I used to think I understood entropy.

I’d imagine a big cluster of balls breaking up into smaller ones.

Entropy was the force, I thought, or at least this tendency, that made bigger things turn into a greater number of smaller things.

This, it turns out, was wrong.

Entropy is not the chaotic force I was imagining. It isn’t about things falling apart or spreading out.

Fixing Misconceptions

Before I could grasp was entropy was, I had to figure out where I had gone astray. These three facts helped me break apart my previous misconceptions and set a better foundation for understanding.

  1. Entropy is often used as shorthand for the second law of thermodynamics. Entropy, as I had imagined it, is actually a colloquial shorthand usage for the second law of thermodynamics (i.e., entropy of an isolated system never decreases). This is NOT the strict definition of entropy itself, but we tend two conflate entropy with the second law since they always are introduced together.
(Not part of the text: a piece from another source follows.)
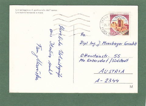 AK Lignano Sabbiadoro. La spiaggia e il porticciolo dell'aereo. La nuova terrazza a mare. Gelaufen 1983 in Lignano Sabbiadoro. Großformat. Zustand: linke Ecken angeknickt, Ecken leicht angestoßen, sonst O.k.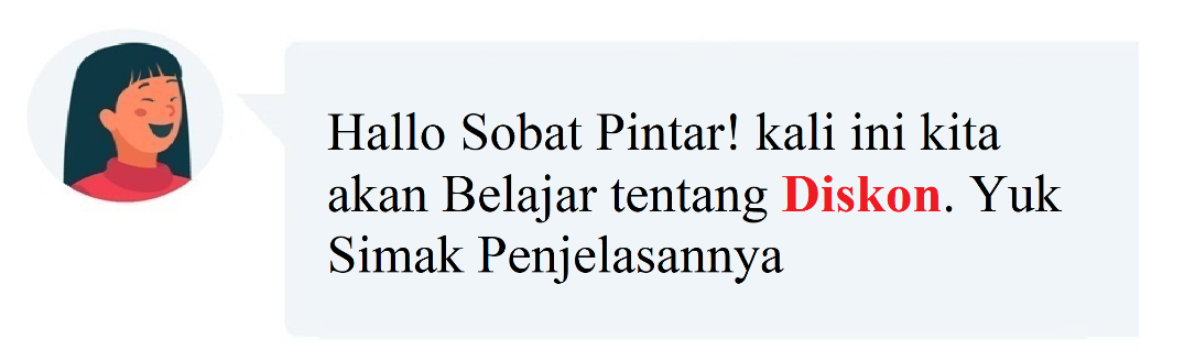 Saat kita pergi ke toko, minimarket, supermarket, atau tempat-tempat jualan lainnya kadang kita menjumpai tulisan Diskon 10%, diskon 20%, diskon 50%. Secara umum, diskon merupakan potongan harga yang diberikan oleh penjual terhadap suatu barang. Misal suatu barang bertuliskan harga Rp200.000,00 dengan diskon 15%. Ini berarti barang tersebut mendapatkan potongan sebesar 15% x 200.000 = 30.000. Sehingga harga barang tersebut setelah dipotong adalah 200.000 - 30.000 = 170.000

  2. Entropy is a metric, not a force or tendency. Strictly speaking, entropy is a metric, like length or mass. It’s not a natural force like gravity or even a tendency.

  3. There’s no easy physical analogy. Entropy isn’t a physical property. It measures a statistical likelihood, which means you can’t measure it directly with a tool (unlike length or mass).

So, what actually is entropy?

Here’s a definition:

Entropy is a measure of how many possible arrangements, or microstates, within a system correspond to the same overall condition, or macrostate.

Understanding Entropy using Dice

Take two six-sided dice. Roll them, and let’s say they land on a one each.

The macrostate is the sum: two.

The microstate is the specific combination of the dice: (1,1).

Only one microstate exists for this macrostate—low entropy.

If the dice sum to seven, there are six possible microstates: (1,6), (2,5), (3,4), and so on. That’s higher entropy—more microstates for the same macrostate.

Entropy and Uncertainty

Entropy is a way to quantify uncertainty. If you only know the macrostate (the sum of the dice), a low entropy (like a sum of two) means you can be quite certain about the microstates (the dice must be (1,1)). But with a higher entropy (a sum of seven), there’s more uncertainty about the microstate.

This dice analogy is a vast simplification, of course. Real-world systems have a much higher number of particles, each with many possible states.

The core principle, however, remains: entropy measures the number of ways a system can be arranged without changing its overall appearance.